Compilation commands:

nasm -f elf32 -o nolibc32.o nolibc32.asm
gcc -m32 -o nolibc32 nolibc32.o -w -nostdlib -no-pie -s
clang -m32 -o nolibc_cl32 nolibc32.o -w -nostdlib -no-pie -s
slimm609 commented 6 months ago

These are all for tests so adding dependencies to the test images is completely fine. These are rather difficult to test int he different scenarios so the more tests we can add, the more reliable the tests will be.

There is also a full rewrite/port to golang in progress so these tests will be vital in validating the 2 versions side by side.

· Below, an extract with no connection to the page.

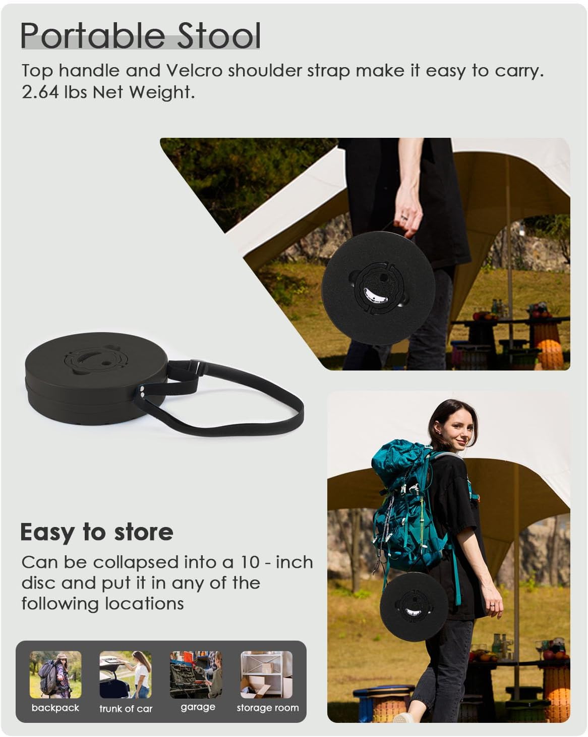 - LIGHTWEIGHT PORTABLE FOLDING STOOL β Only 2.64lbs! Folds compact to 10.2"(D)x2.6"(H) with handle & shoulder strap. Perfect lightweight collapsible stool for backpacks or car trunks.

petervas commented 6 months ago

I found a solution to generate the nolibc/nolibc_cl test files usable for "Fortify" testing in the case of libc_found=false both for files and processes (tests/hardening-checks.sh). An nolibc.asm file written in NASM:

Why not simply compile a regular helloworld.c with the -static flag? That one will also pass the N/A test because the external libc dependency will be gone.

teoberi commented 6 months ago

Hi, It can be done! Pros/cons here.

The advantage is that if library changes, or is not present on a system, the program will run fine, because it has the functions and other stuff with it already.
The disadvantage is large memory footprint, large file size, and no fixing of bugs, no updates of the library code without recompiling.

Example in our case (existing fszero and nolibc) and fszero-static compiled with the command: gcc -o fszero-static fszero.c -static -w -D_FORTIFY_SOURCE=0 -O2 -s nolibc -> 8,4K fszero -> 15K fszero-static -> 801K This was the recommended solution for "Hello, world!" without libc using assembler.